Finalmente, Eugenio Echagüe da en el clavo. Milagrosamente, Darío Solanas accede. El raptor nunca antes se sintió tan cómodo ni se mostró tan inseguro. El raptado nunca antes se sintió tan incómodo ni se mostró tan seguro. A fuerza de charlas, Echagüe se gana la confianza de Solanas. A paso de puchos y palabras, Solanas aprende que no debe confiar en nadie.
Se hacen dos promesas esa tarde: Darío promete que apenas pueda arreglar el asunto no le dará mayores problemas a Eugenio. Eugenio promete que si Darío lo libera no tomará represalias contra él. Ninguna de las dos se cumple.
Eugenio Echagüe pide permiso para ir al baño. Darío Solanas concede y afloja las cuerdas de sus manos.

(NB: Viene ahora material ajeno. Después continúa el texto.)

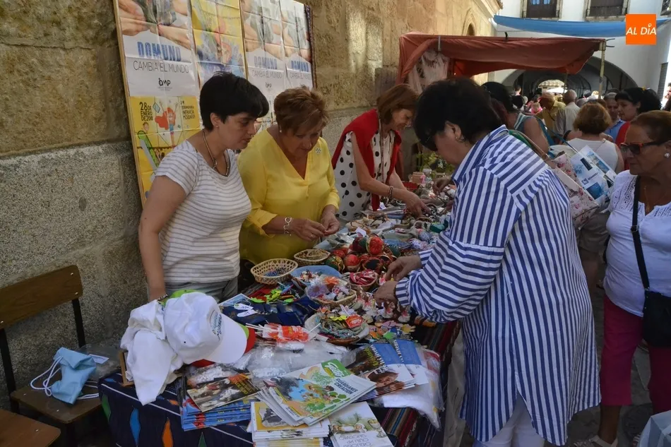 Como otros puestos solidarios, hubo stands de Manos Unidas, Comercio Justo o las Obras Misionales Pontificias. Además, también fueron ?solidarios? con todos los viandantes los numerosos puestos que ofrecieron alguna que otra vianda, en forma de raspas de queso, un trago de vino, o trocitos de los dulces de las Madres Carmelitas, que estuvieron a la venta en los soportales de la Plazuela del Buen Alcalde.
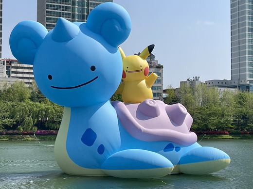 석촌호수 동호에는 높이 16m, 폭 18m의 메타몽 버전 라프라스와 피카츄 벌룬이 설치되어 방문객들의 시선을 단번에 사로잡습니다. 밤에는 조명이 켜져 야경과 함께 환상적인 모습을 연출합니다.

Los movimientos son rápidos: Echagüe manotea el arma y dispara al bulto que apenas divisa. Termina de sacarse la venda de los ojos y descubre que dio en el objetivo. Solanas se retuerce en el piso mientras su estómago chorrea sangre. Estira su mano y roza el calzado de su asesino.
Echagüe planea a la perfección lo que le dirá a la policía. Lo que no sabe es que Solanas dejó marcadas con sangre sus huellas digitales en sus zapatos.